# Action item
Omit the pictures and output exactly the lines from the start of the entries through the line containing "SOC 2は、 取った瞬間より".
..............................
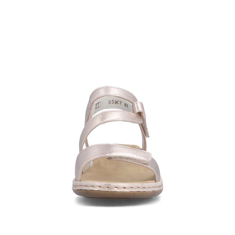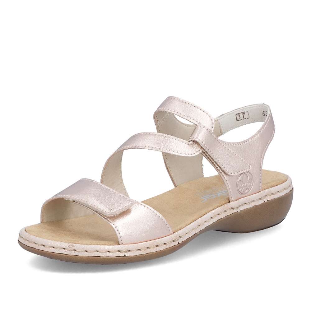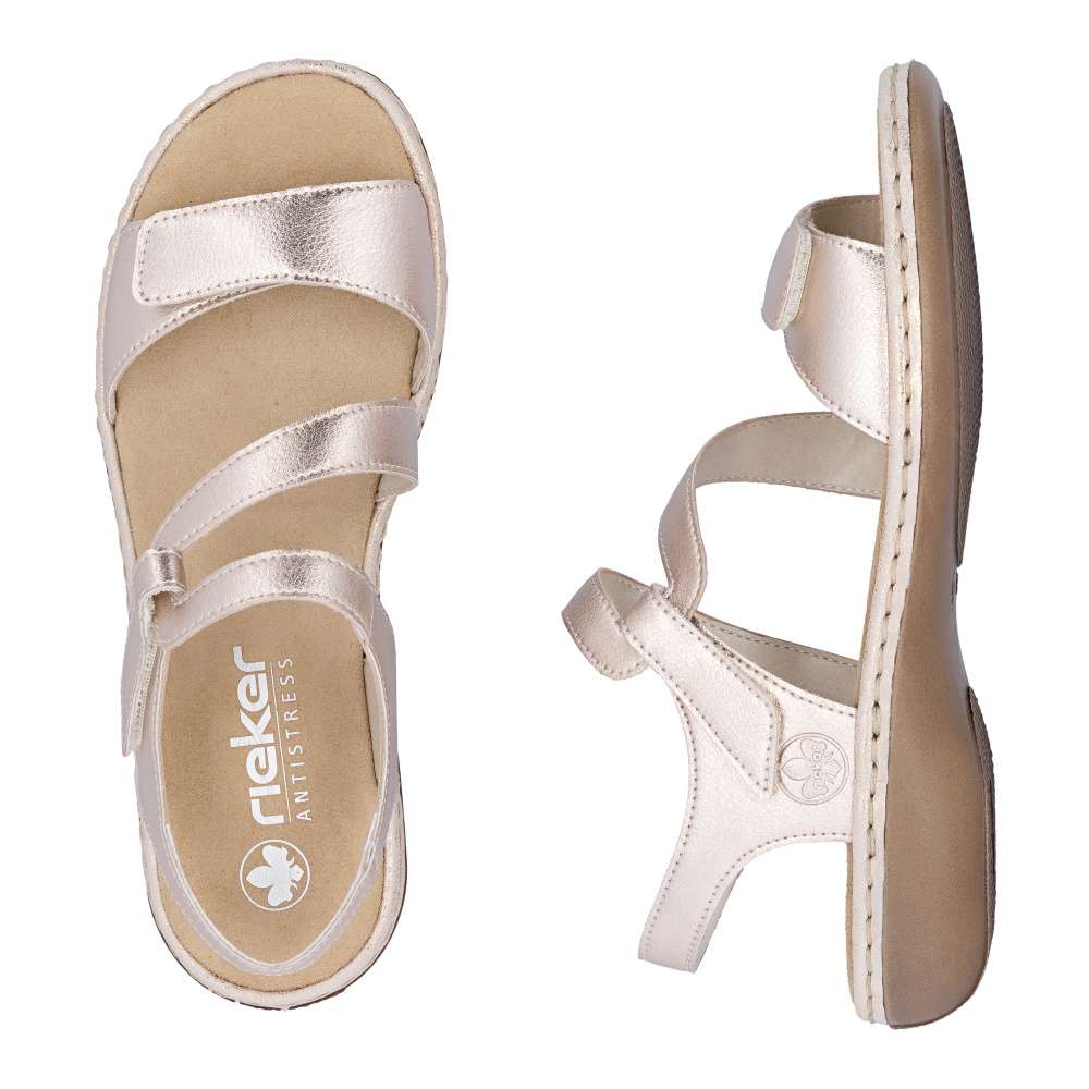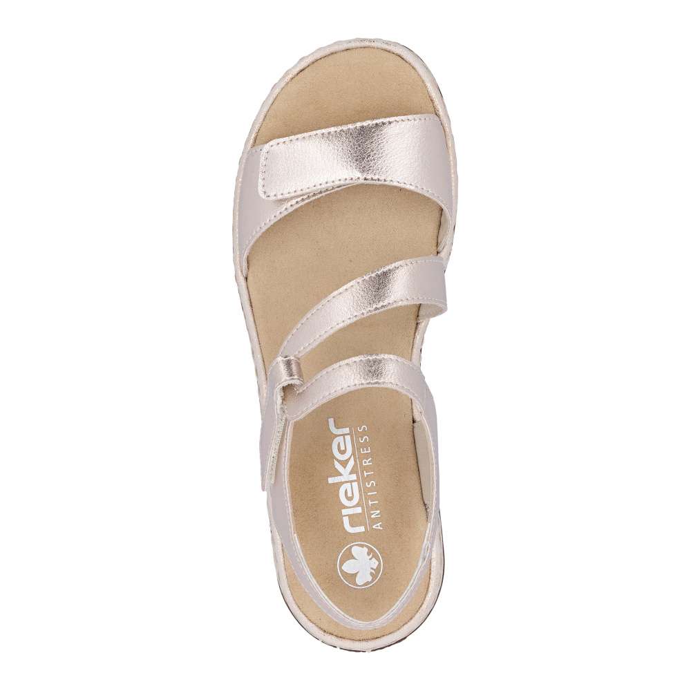 Tyto kožené sandály RIEKER vynikají svojí jedinečností díky důmyslně poskládaným páskům svršku s působivými odlesky. Design je výrazný a letně působící, ideální pro horké letní dny. Kombinace stylového vzhledu a komfortu, který nabízí příjemná stélka a nárazy tlumící podešev, činí tento model ideálním pro letní dny. Jednoduché nazutí je zajištěno pásky opatřenými suchým zipem pro rychlou manipulaci a dokonalé upravení potřebám každé z Vás. Tyto sandály skvěle propojují pohodlí s módním vzhledem a jsou ideální pro každodenní nošení během letních měsíců.
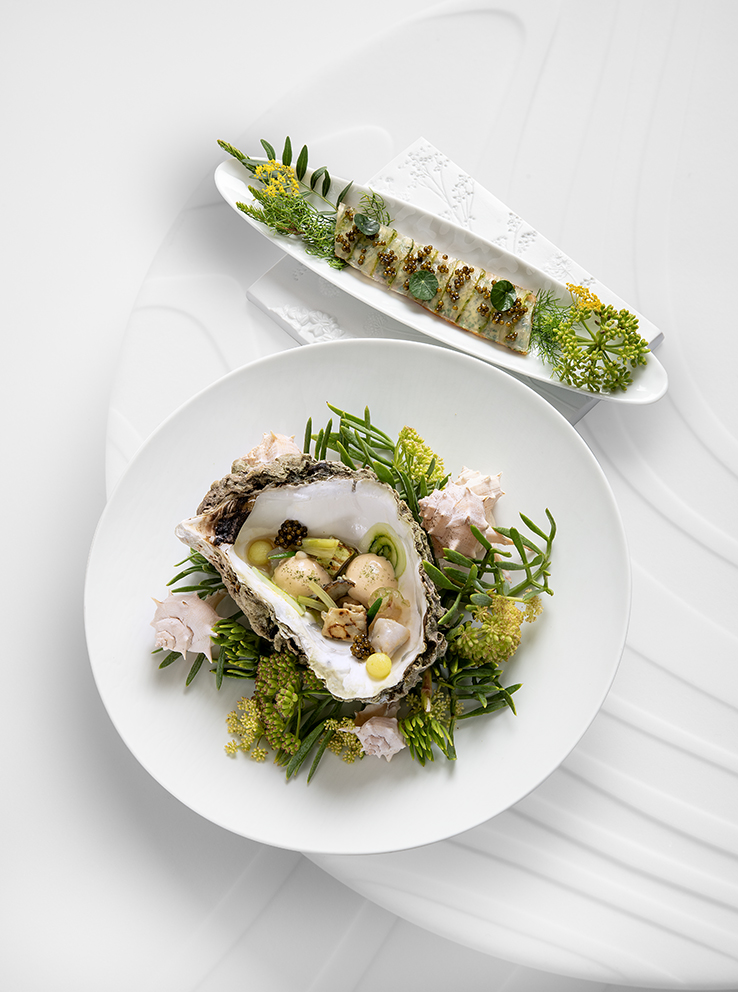 Dans le creux des coquilles, disposer les coquillages, la spirale de seiche, les billes de pomme de terre et l’huître grillée. Ajouter la criste, les peaux de vive taillées, deux points de spoom pomme de terre et saupoudrer de plancton. Verser le bouillon.
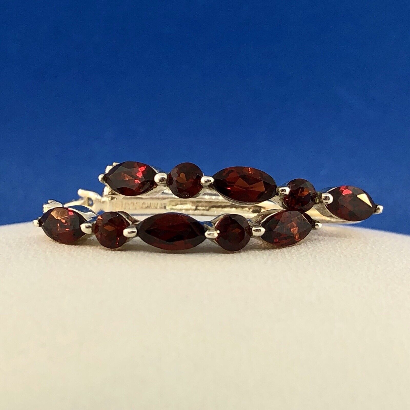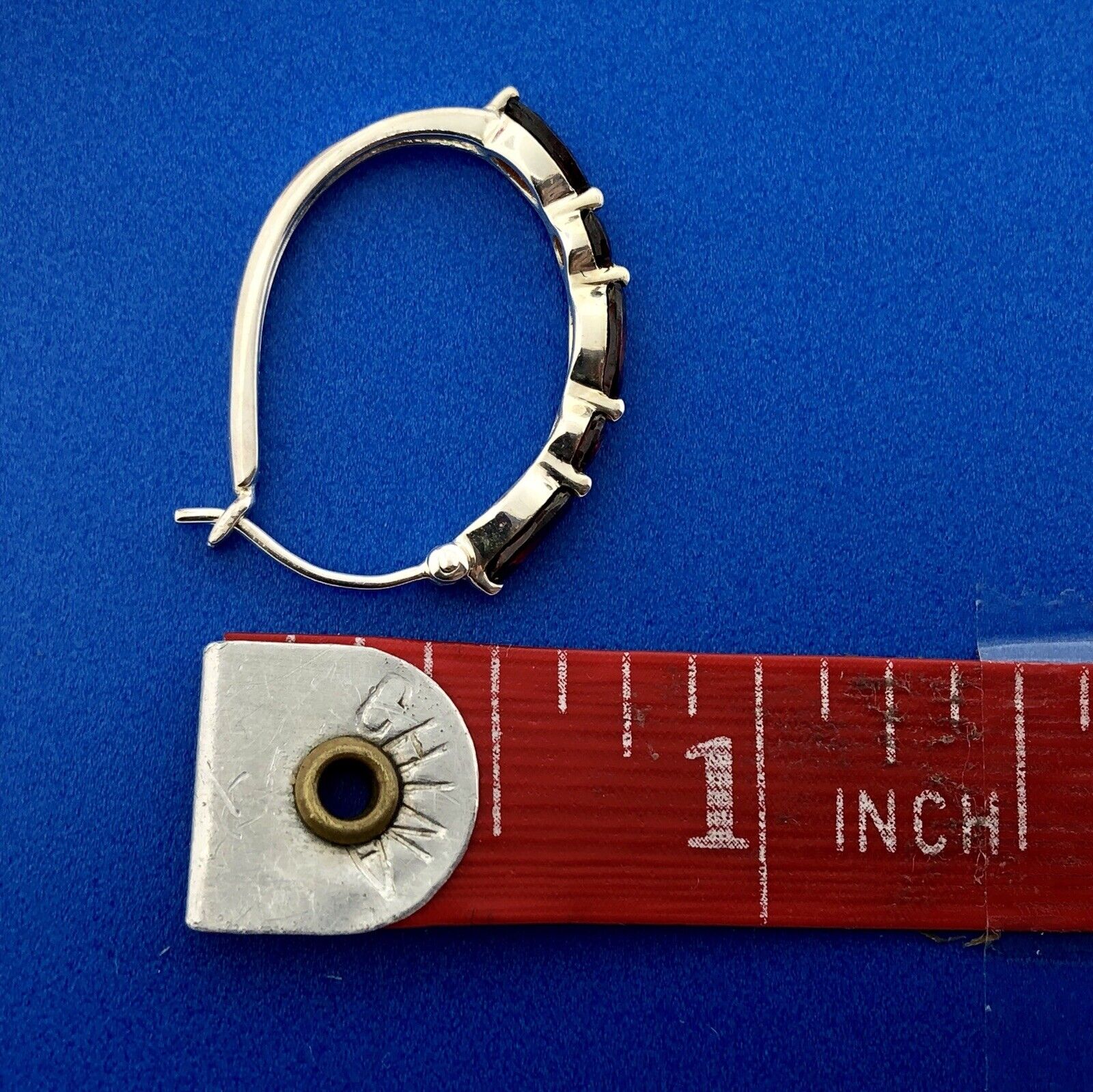 - Designer Sterling Silver 925 Garnet January Anniversary Occasion Hoop Earrings
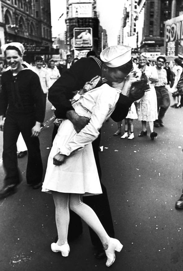 1945年8月,在纽约时代广场上,传来二次世界大战结束的这一刻,全民欣喜若狂。
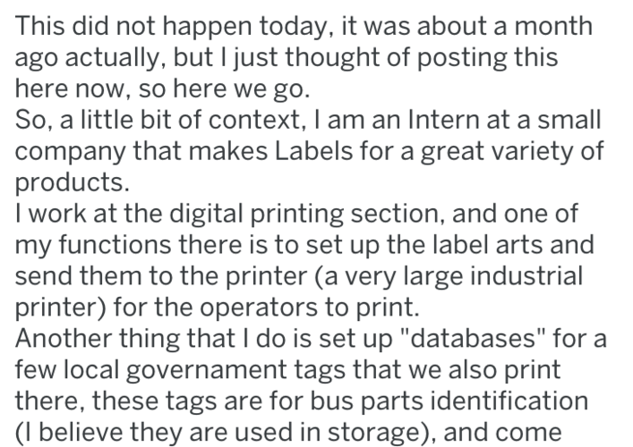 You can almost make out this employee's stress-sweat in the story, told. This story's the stuff of fever dreams. My hands get clammy just trying to picture myself in his nightmarish scenario.
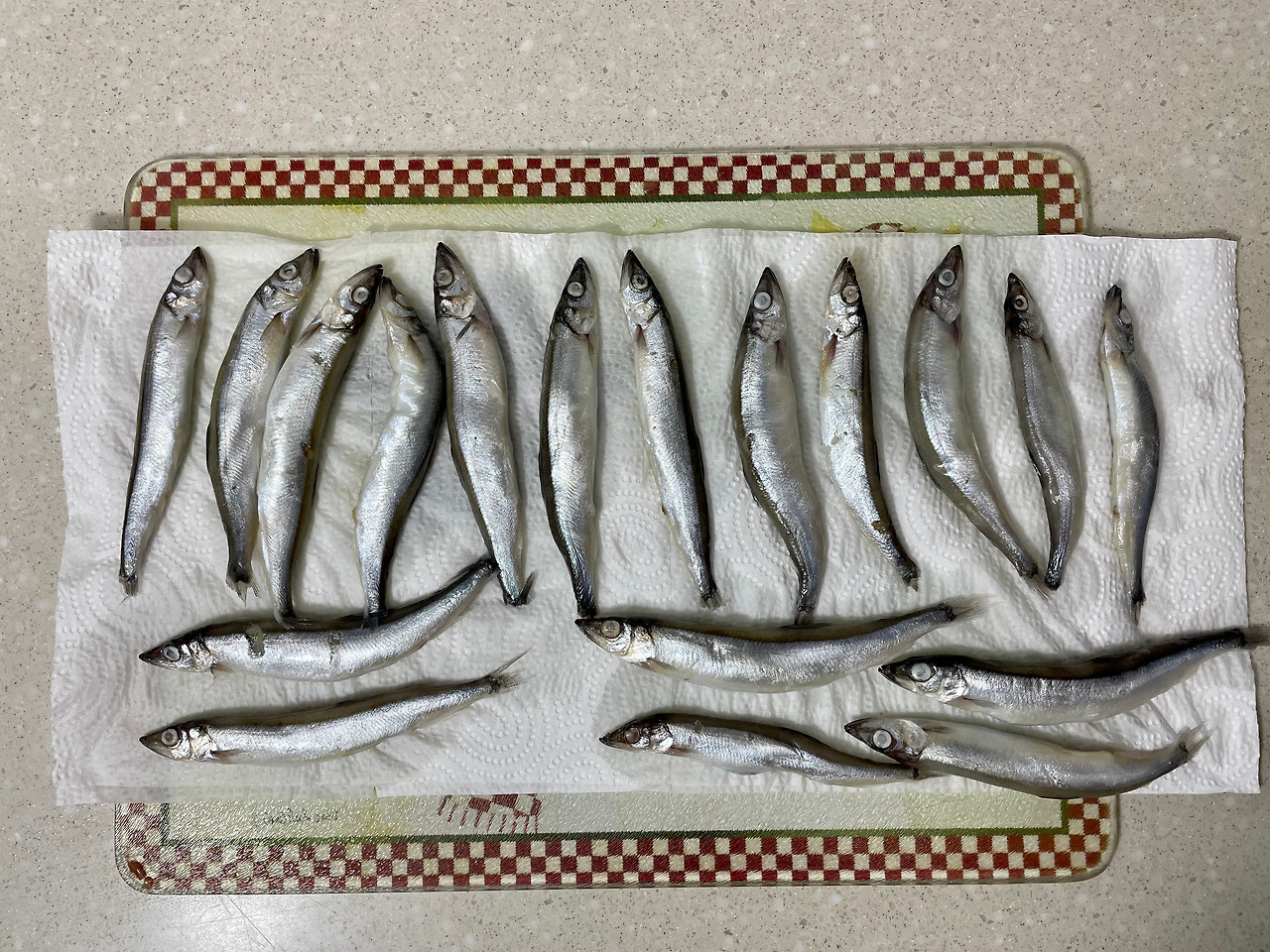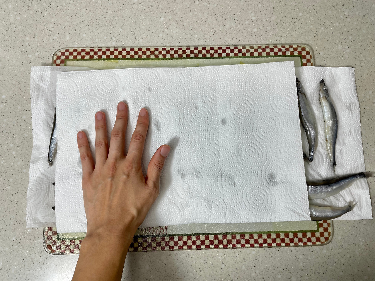 2. 키친타올에 열빙어를 올리고 다른 키친타올을 덮어 물기를 제거해줍니다. 이때, 조심스럽게 만져주세요. 꾹 누르면 알이 터질 수 있거든요.
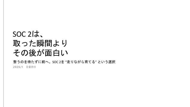 SOC 2は、 取った瞬間より その後が面白い 整うのを待たずに前へ。SOC 2を “走りながら育てる” という選択 2026/1 ひまわり
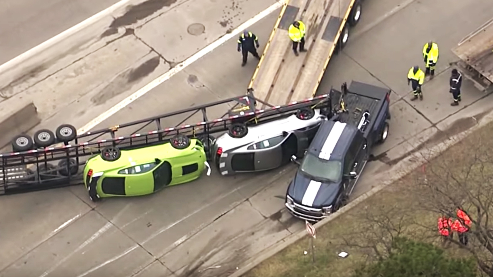 Fox 2 Detroit reports the Ford F-350 hauling the long three-axle trailer spun out as it was descending a long, curved ramp in downtown Detroit connecting two sections of I-75, the Fisher Freeway and the Chrysler Freeway. The rig jackknifed, which in turn set the trailer and the two GT500s on their sides. Whoever strapped them down clearly did an excellent job, but body damage on the Iconic Silver model is visible where it crunched into the F-350. The Grabber Lime car looks to have left a long scrape along the pavement, but it’s hard to tell how bad things are from the helicopter shots.
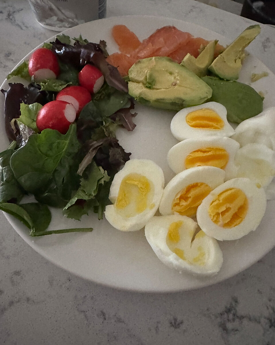 Разве это еда? У меня был завтрак 2 отварных яйца, большая порция салата с оливковым маслом, тост с творожным сыром и кусочком буженины и кофе с молоком.
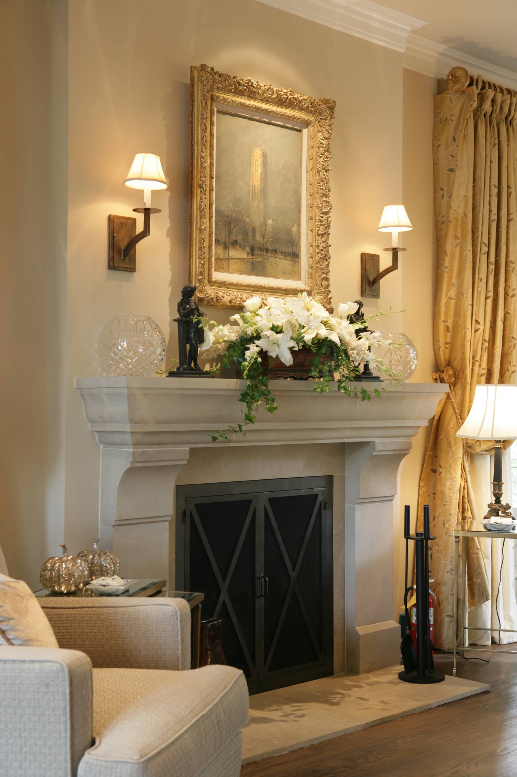 - В крупных барочных каминах полка расположена высоко, а подвешенный высоко ТВ-прибор неудобно смотреть.
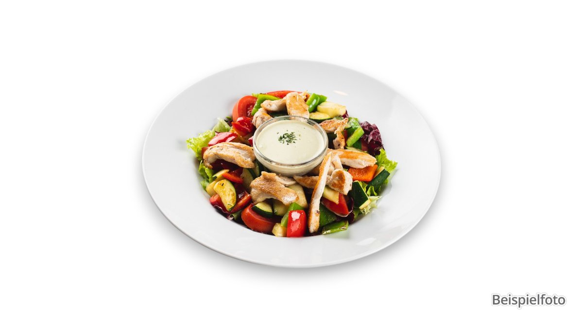 mit Eisberg, Tomaten, Gurken, Paprika, Krautsalat, Zwiebeln, Oliven, Peperoni und Putenfleisch
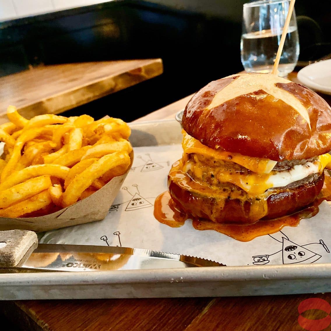 لمحبى البرغر. لا يفوتكم Restaurant Emily in New York City. برغر بخلتة سرية. The original restaurant offers limited numbers and usually ends quickly. But the burger is available in the other branch in West Village Finally I managed to visit Emily. Claimed to be the best burger in New York. A dry-aged patty covered in year-old Vermont cheddar and caramelized onions and served on a pretzel bun. Something that “shouldn't work, but it does. The secret is in the sauce. Surprisingly light. My rating is Excellent.
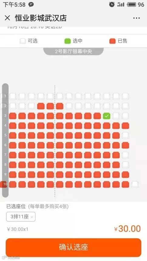2、进入影城界面,选择自己想看的场次和时间,点击购票,进入选座界面,选择空白的座位,点击后出现绿色的✔。
..............................
# Your response
 Tyto kožené sandály RIEKER vynikají svojí jedinečností díky důmyslně poskládaným páskům svršku s působivými odlesky. Design je výrazný a letně působící, ideální pro horké letní dny. Kombinace stylového vzhledu a komfortu, který nabízí příjemná stélka a nárazy tlumící podešev, činí tento model ideálním pro letní dny. Jednoduché nazutí je zajištěno pásky opatřenými suchým zipem pro rychlou manipulaci a dokonalé upravení potřebám každé z Vás. Tyto sandály skvěle propojují pohodlí s módním vzhledem a jsou ideální pro každodenní nošení během letních měsíců.
 Dans le creux des coquilles, disposer les coquillages, la spirale de seiche, les billes de pomme de terre et l’huître grillée. Ajouter la criste, les peaux de vive taillées, deux points de spoom pomme de terre et saupoudrer de plancton. Verser le bouillon.
 - Designer Sterling Silver 925 Garnet January Anniversary Occasion Hoop Earrings
 1945年8月,在纽约时代广场上,传来二次世界大战结束的这一刻,全民欣喜若狂。
 You can almost make out this employee's stress-sweat in the story, told. This story's the stuff of fever dreams. My hands get clammy just trying to picture myself in his nightmarish scenario.
 2. 키친타올에 열빙어를 올리고 다른 키친타올을 덮어 물기를 제거해줍니다. 이때, 조심스럽게 만져주세요. 꾹 누르면 알이 터질 수 있거든요.
 SOC 2は、 取った瞬間より その後が面白い 整うのを待たずに前へ。SOC 2を “走りながら育てる” という選択 2026/1 ひまわり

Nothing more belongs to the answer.